I’d have really wished to have a Cinderella fairytale ending here whereby the allegations are completely false, FT reporter goes to jail or something, and the price shoots up to 250 euros (the target price for some analysts).

Yet, I’ve SOME reservations.

I do think the next earnings release on the 4th April will surprise the markets and provide a further catalyst/boost to the share price. And I’d normally have the guts and capital to plonk down for the long run (or however long it takes for a recovery)… but in this instance, I’ve my reservations cos of the…

Singapore Police Force.

Yep. When the CAD department of SPF is involved, it lends a lot of weight to the short side.

And as always, I don’t say this or put undue emphasis on this without having done the necessary DD and having some real concrete data to back up my thoughts.

In this instance… what better way to understand the thought process and how it works…. than to check with someone within the CAD itself?

I reached out to a friend who’s sufficiently high ranking enough within the CAD:

844) whatsapp.jpg

845) whatsapp.jpg

846) whatsapp.jpg

There’s other info like the approximate duration of an investigation and the processes etc but that’s not going to be shared here.

Basically, I do have faith in the way CAD conducts an investigation and this kinda puts a dampener on my wirecard long thesis.

I might be right in my long thesis, but I can’t be sure how the markets react to new developments when CAD probes deeper.

As mentioned, I’m currently still deeply long as I think the odds are still in my favor. Any investigation of wrongdoing, would more likely impact on the individuals involved, rather than the company itself.

In any case, if you’ve been following, BaFin (which is Germany’s equivalent of MAS), has stepped in to ban short selling of wirecard, putting the German authorities firmly behind Wirecard’s management.

We’re only in the early innings of a long drawn out battle, so it’s interesting to watch.

Already, wirecard has added almost 10k in euros to  my portfolio (paper profits), and I expect this to further increase in March and April.

Yes, it’s not a plain vanilla straightforward long case here, but…. well, if I wanna add any further to the 29.5% ROI this year, I figured I’d have to find really unique situations and take concentrated positions and come out the better of it.

Also, I’d like to give a shoutout to Southern Investigative Reporting Foundation, for their amazing investigative journalism.

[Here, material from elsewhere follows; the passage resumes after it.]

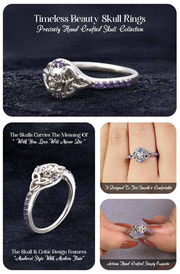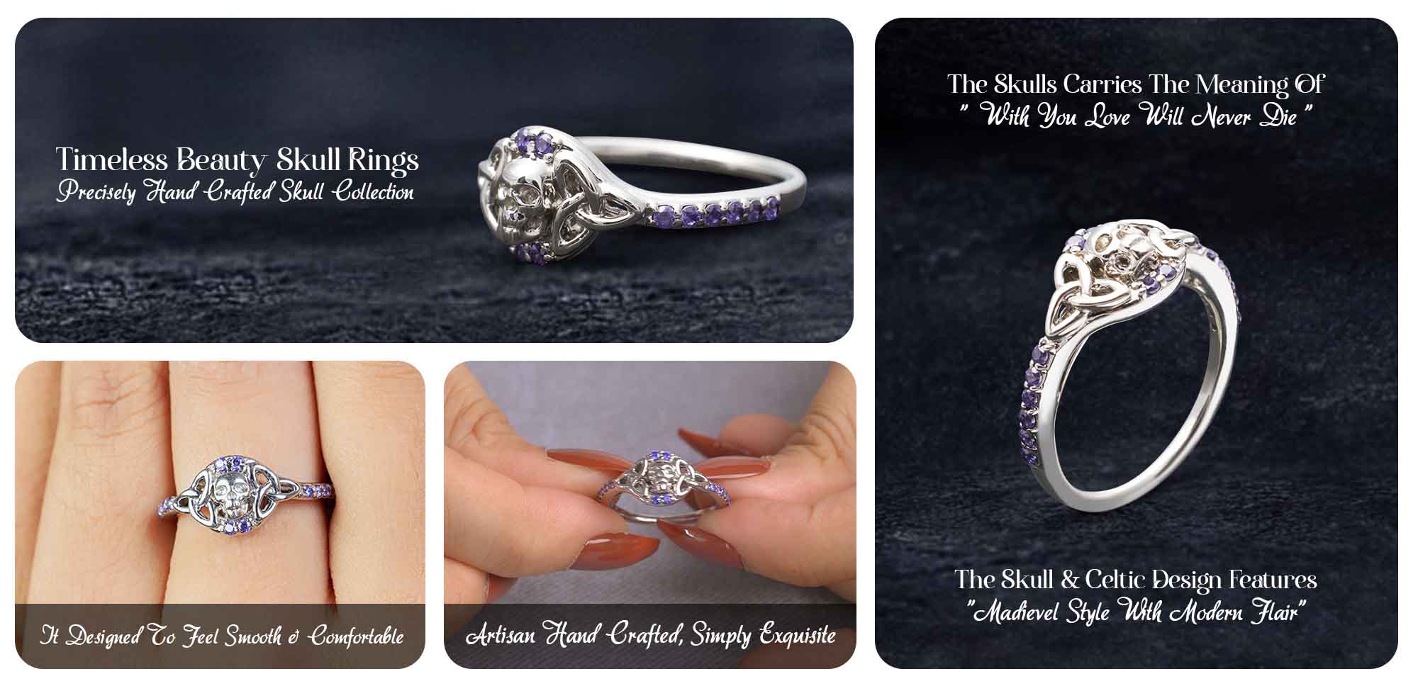 Amethyst Skull Ring For Women Celtic Skull Engagement Rings
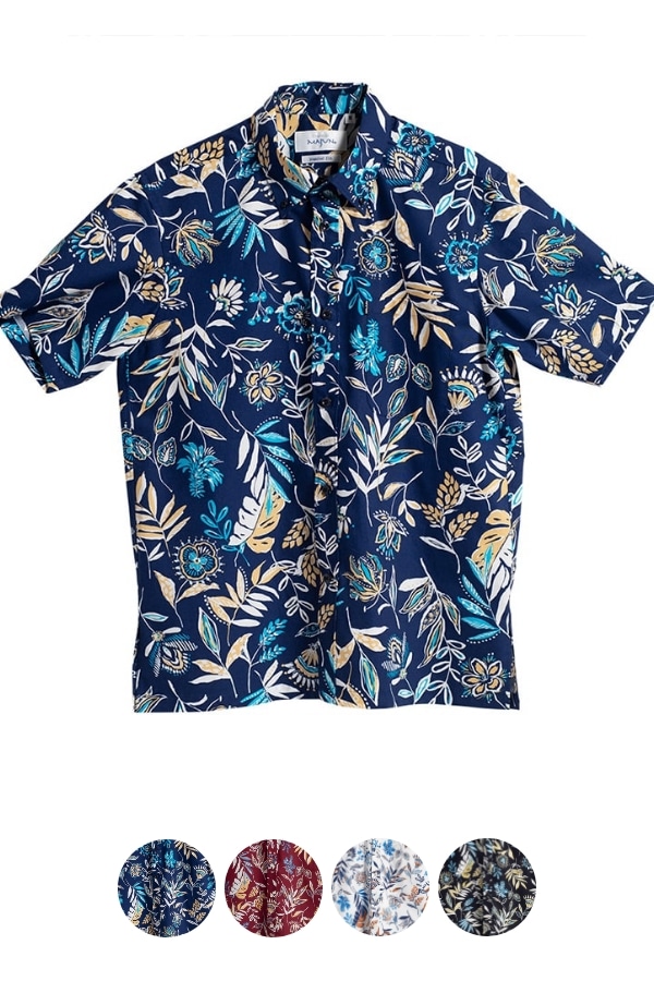 当初は和柄が多く見られましたが、現在のアロハシャツといえば、南国を思わせるモチーフが描かれています。

OK, they did a negative piece on Wirecard, and that places them on the other side of the equation from me… but it’s still amazing work.

Check it out:

Plus, I think they can be right… and I’d still be profitable in my investment due to the option premiums arising from the volatility created from their work. LOL.

OK, that’s about it. I’d have written more about my wirecard DD, but others before me have done similar if not better work, and I thought the only thing I have to add is my understanding and investigations on the CAD side, since not 1 wirecard report/post/analyst report/journalist’s piece has spoken about that. And it’s understandable why, cos these ang mohs don’t even know what’s CAD to begin with.